Not long after that, Isaac Newton invented the reflecting telescope, substituting parabolic mirrors for lenses, allowing for a much shorter tube length (and thus easier alignment). The equipment gradually grew in power and resolution, and we were able to peer farther and farther out into space with increasing clarity.
Then, a little before 1900, things exploded.
In 1887, Albert Michelson invented the interferometer, which used a property of light to analyze the motion of the Earth through space, and which led directly to Albert Einstein's Theories of Relativity. The idea here is that you take a beam of light, split off part of it, and reflect that split part at right angles to the original beam; then you bounce both pieces back so they recombine after traveling equal distances. At that point you should see positive interference -- the wave crests and troughs should all still be "in phase" (i.e. lined up).
Michelson and his colleague Edward Morley used the interferometer to test a model that had been used to explain the wave nature of light -- the "luminiferous aether." The idea here is that if light is a wave, something had to be waving -- just as water molecules move in a water wave, air molecules move in a sound wave, and so on. When light goes through a vacuum, what, exactly, is waving? Because it was impossible for people to imagine how a wave could travel through a complete vacuum, it was suggested that space wasn't a complete vacuum -- that there is some kind of stuff (the aether) filling it, and it is through this medium that light propagates in space.

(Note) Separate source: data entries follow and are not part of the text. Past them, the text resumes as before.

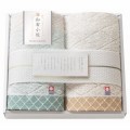 タオル産地として、日本一を誇る愛媛県今治市。伝統の技術で織り上げられたタオルは、使いはじめから吸水性がよく、ふんわりした風合いが長続きします。小紋柄をあしらったシンプルなデザインで、シーンを選ばず使いやすいタオルです。
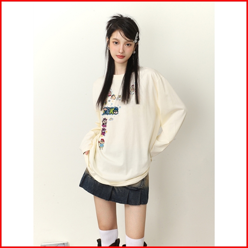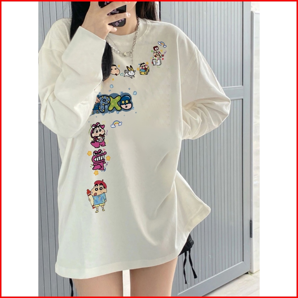 The Monseur Gallery Baju Kaos Wanita Lengan Panjang Kaos Oversize Wanita Baju Atasan Wanita Cute Crayon Shinchan Kaos
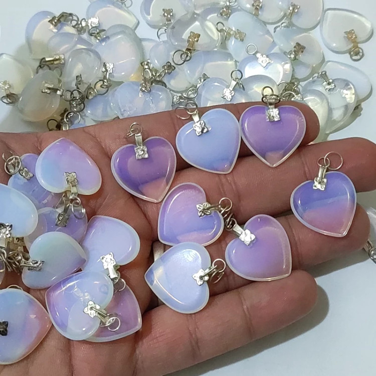 آویز اپال تراش قلب اپالین تلألو عالی اوپال
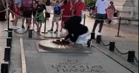 Nelle immagini, si vede un uomo che, proprio sotto gli occhi dei turisti intenti a contemplare la Tomba del Milite Ignoto sotto l'Arco di Trionfo, noncurante delle transenne e del valore del monumento eretto in onore dei soldati caduti per la Francia durante la Prima Guerra Mondiale, si accende la sua sigaretta per poi andarsene con la stessa naturalezza.
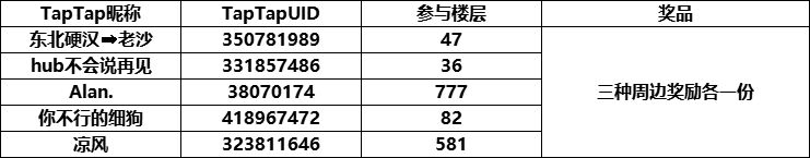 ‣本次活动将使用TapTap论坛抽奖工具开奖,请大家关注后续开奖贴并填写收件信息,若不及时参与或评论内容不符合要求则无法正常获奖,中奖名单及特殊奖项领奖事宜请关注后续开奖
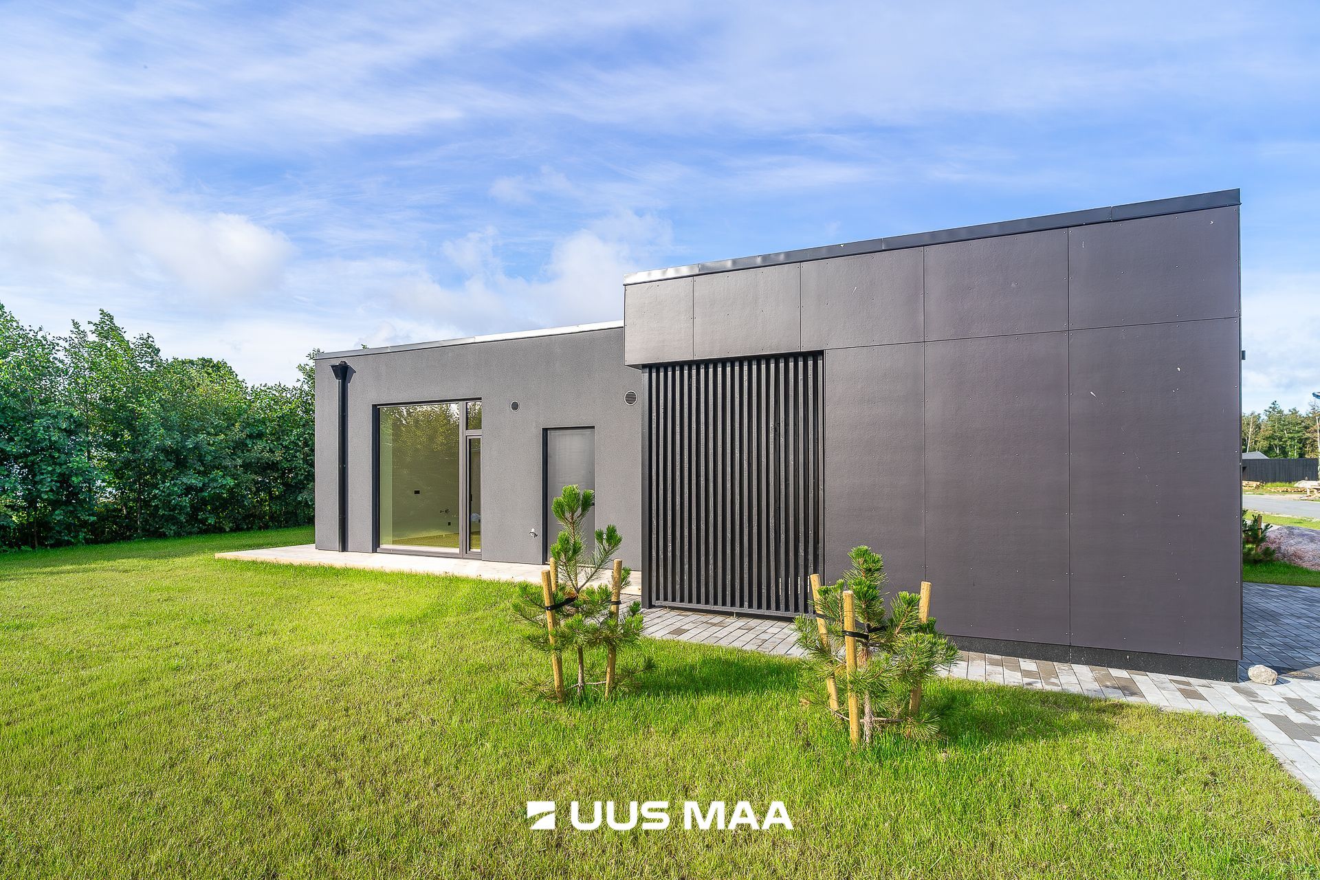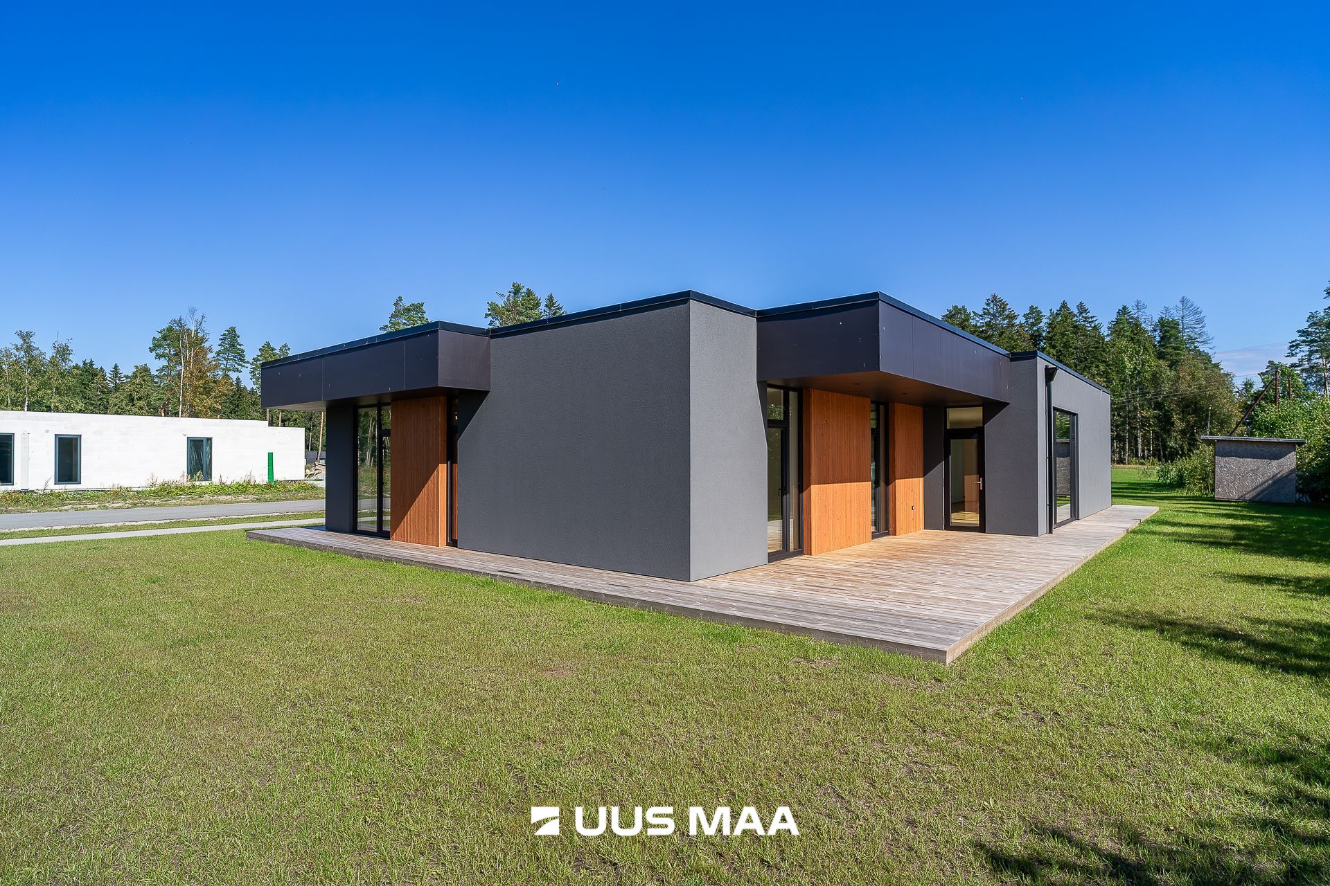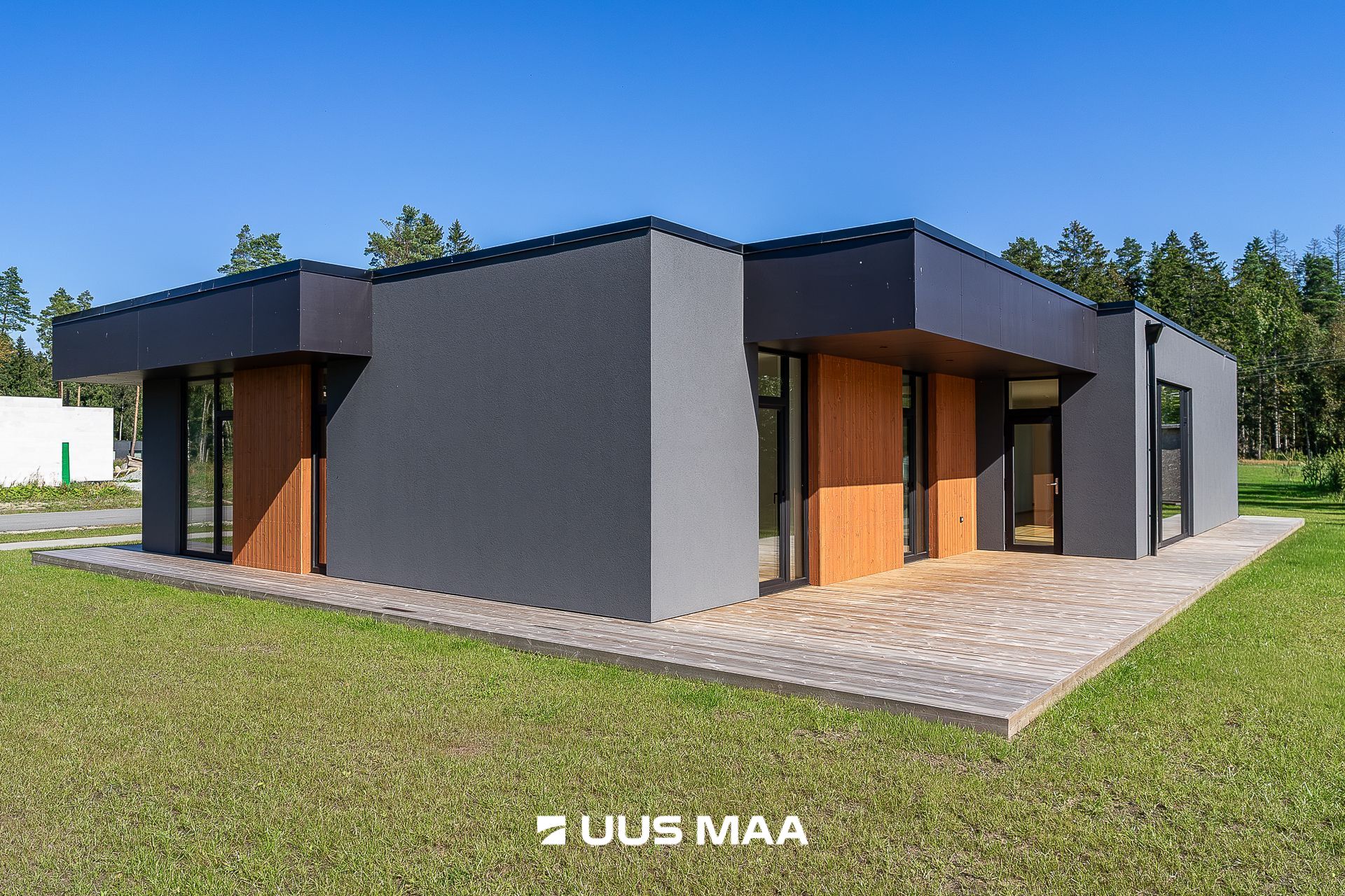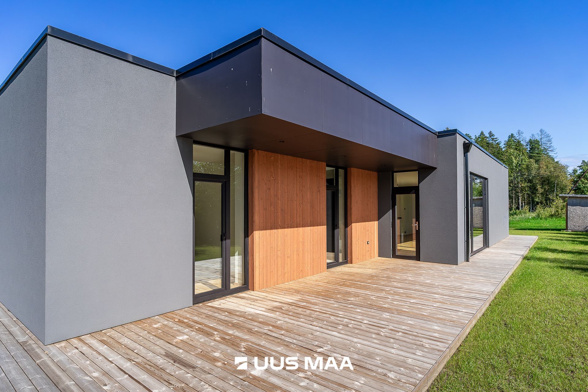 viimistlusmaterjalidena on kasutatud tumedat krohvi, puitu ja katuse parapetil halli viimistlusplaati.

Because the interferometer involved beams of light traveling at right angles, Michelson and Morley surmised that this meant they were moving at different speeds through the aether because of the Earth's motion around the Sun. To take the simplest configuration, if you place the device so that one beam is parallel to the direction of the Earth's motion and the other perpendicular to it, the parallel one would be dragged back by the aether on the way out and propelled faster on the way back (in the fashion of a boat first moving upriver, then turning around and going downriver). The perpendicular one, on the other hand, would be deflected slightly to the side (like a boat moving cross-current). In that case, it was possible to calculate exactly how out of phase the two beams would be with each other by the time they recombined at the detector. You should see an interference pattern -- the two waves would partially reinforce each other and partially cancel each other out, creating a pattern of stripes.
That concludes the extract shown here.